No. 7 -- Keep stockpiling prospects

Part of what made the Sharks’ trade deadline so successful was general manager Doug Wilson’s ability to stockpile picks in the upcoming draft in New Jersey on June 30. Douglas Murray, Ryane Clowe and Michal Handzus all brought at least one pick back to San Jose, including a pair of second rounders for Murray (from Pittsburgh) and Clowe (from New York).

San Jose has four picks in the first two rounds, including its own first round choice (20th overall).

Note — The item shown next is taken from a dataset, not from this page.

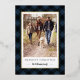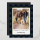 Send holiday greetings to friends and family with our rustic elegant photo cards featuring a wintry navy blue and black buffalo plaid pattern framing your vertical favourite photo. Personalise with two lines of custom text; shown with "Merriest Christmas" and your family name. Gold foil trim adds a luxe touch to this festive design.
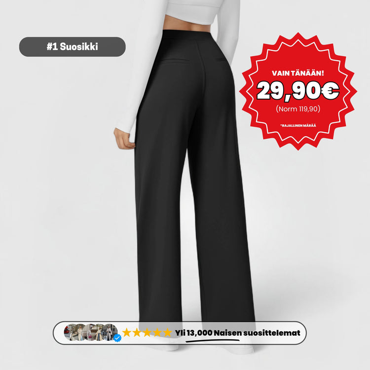 "Olen kokeillut kymmeniä työhousuja, mutta nämä ovat ensimmäiset, joissa tuntuu kuin olisin joogahousuissa. Täydellinen istuvuus heti ensimmäisellä yrityksellä." – Laura, 38 v

The Sharks are one of just five teams that have that many picks in the top 60 (Buffalo, Dallas, Montreal and Winnipeg are the others), and Wilson has said many times he considers this a good draft.

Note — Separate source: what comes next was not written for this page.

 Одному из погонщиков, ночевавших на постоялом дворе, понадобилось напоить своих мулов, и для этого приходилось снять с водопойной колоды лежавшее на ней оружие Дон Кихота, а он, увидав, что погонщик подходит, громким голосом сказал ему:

“When we made the decisions that we did, we felt at that point we couldn’t afford any unrestricted free agent players [leaving] and not get assets back in a very strong draft year,” Wilson said after the season, a day before leaving for the NHL combine.

It’s been noted more than once that the Sharks are the only NHL team to not have a draft pick from the last four years on their roster. The club has had just two first round picks in the last five years, and one of them (Charlie Coyle), is playing in Minnesota after he was a part of the Brent Burns deal two seasons ago.

Restocking the minor league system/prospect pool should be a priority as the core group continues to get older, and fortunately the organization seems to have realized that based on its trade deadline activity.

The Sharks’ most obvious need is more offense in the system. Their American Hockey League affiliate in Worcester has missed the playoffs in each of the last three seasons, primarily because it can’t put the puck in the net. In 2012-13, Worcester was 23rd of 30 teams in goals scored. The previous year, it was 26th, and in 2010-11, it was 27th.

The search for offensive prospects already appears to be in full swing. In 2012 in Pittsburgh, the Sharks used their first four picks on forwards, including Tomas Hertl, who is expected to challenge for a roster spot in the fall. In 2011, four of their six picks were centers or wingers, and in 2010 each of their first four picks as on a forward. Freddie Hamilton, chosen in the fifth round in 2010, appears to be the most NHL-ready forward in the system other than Hertl, but is still far from a surefire NHL player.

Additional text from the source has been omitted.